SOCHI, Russia -- Was the late Sarah Burke the real winner of the women's halfpipe Thursday night?
Twenty-year-old Maddie Bowman of South Lake Tahoe, Calif., didn't hesitate when asked that question on the night she won the gold medal in the first women's free ski halfpipe event at the Olympics.
"I would absolutely say that. Sarah’s inspired us on snow and off snow,” Bowman said. “I think she would have been very proud of how all the girls rode tonight.
"I sure hope I and everyone else made her proud because we would not be here without her."
Burke, of Canada, was one of the leaders in the push to get the freestyle skiing events into the Olympics. She died in a training accident two years ago and the skiers here wanted to honor her by wearing decals on their helmets but were prevented by the IOC from doing so.
Said silver medalist Marie Martinod of France: "I'm thinking of Sarah every day.

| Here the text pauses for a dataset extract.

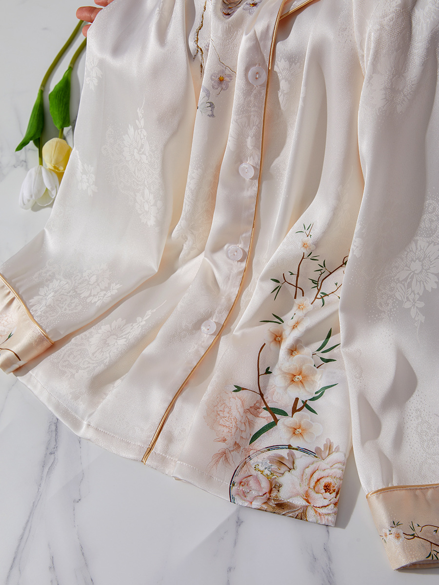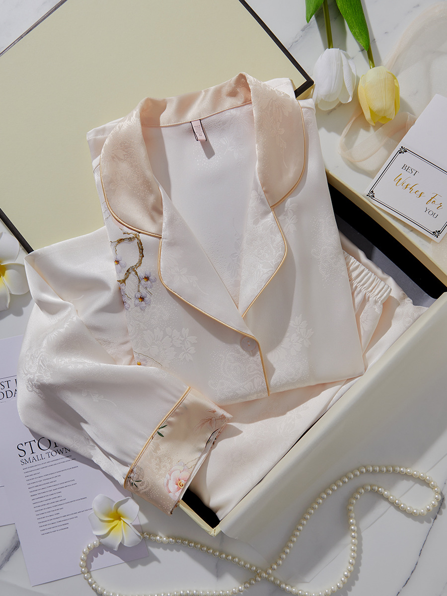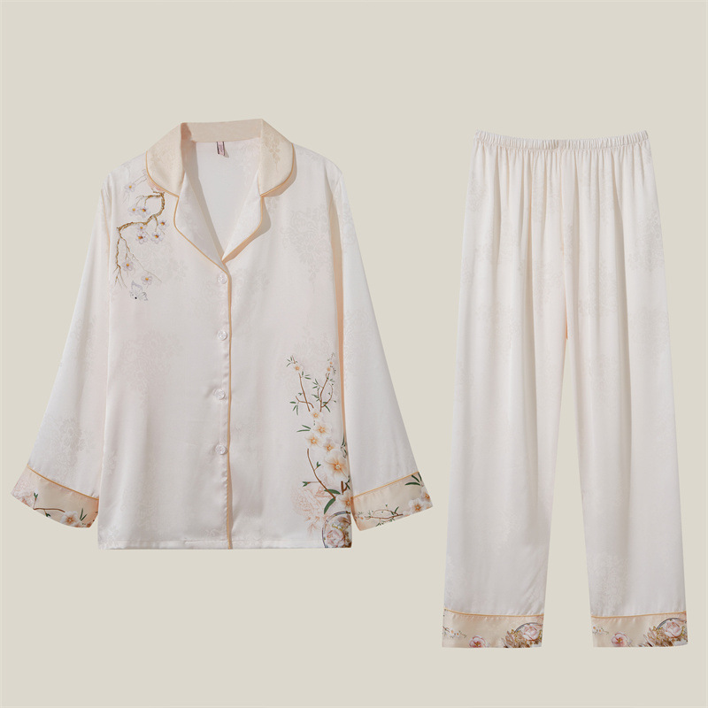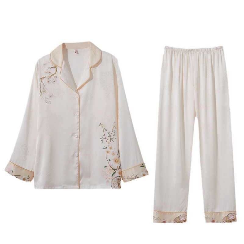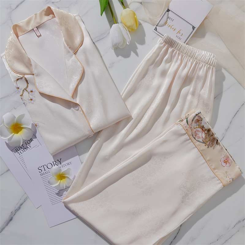 소스 공장 아이스 실크 잠옷 여성의 봄과 가을 하이 엔드 시뮬레이션 실크 홈 옷 투피스 2024 새로운 스타일

I think I didn't say goodbye to Sarah yet and I still have to do it. Now I feel like I am able to do it because I did what she asked me to do when I last saw her two years ago."
Rosalind Groenewoud of Canada, another Burke protege, had hoped to reach the podium after finishing second at the X Games late last month to Bowman. She fell on her first run and scored 74.20 on the second, finishing seventh.
Bowman admitted to feeling a major attack of nerves before the first run in the final.
"This doesn't really seem real to me," Bowman said. "Before I was dropping in, I felt like I was going to barf on my first run. By the second run, I had calmed down a little bit and it worked out."
The other Americans struggled, including one of the medal favorites, Brita Sigourney, who crashed hard on her first run, as did Angeli VanLaanen, while Annalisa Drew fell on her second run.
Sigourney was sixth and Drew and VanLaanen finished ninth and 11th, respectively.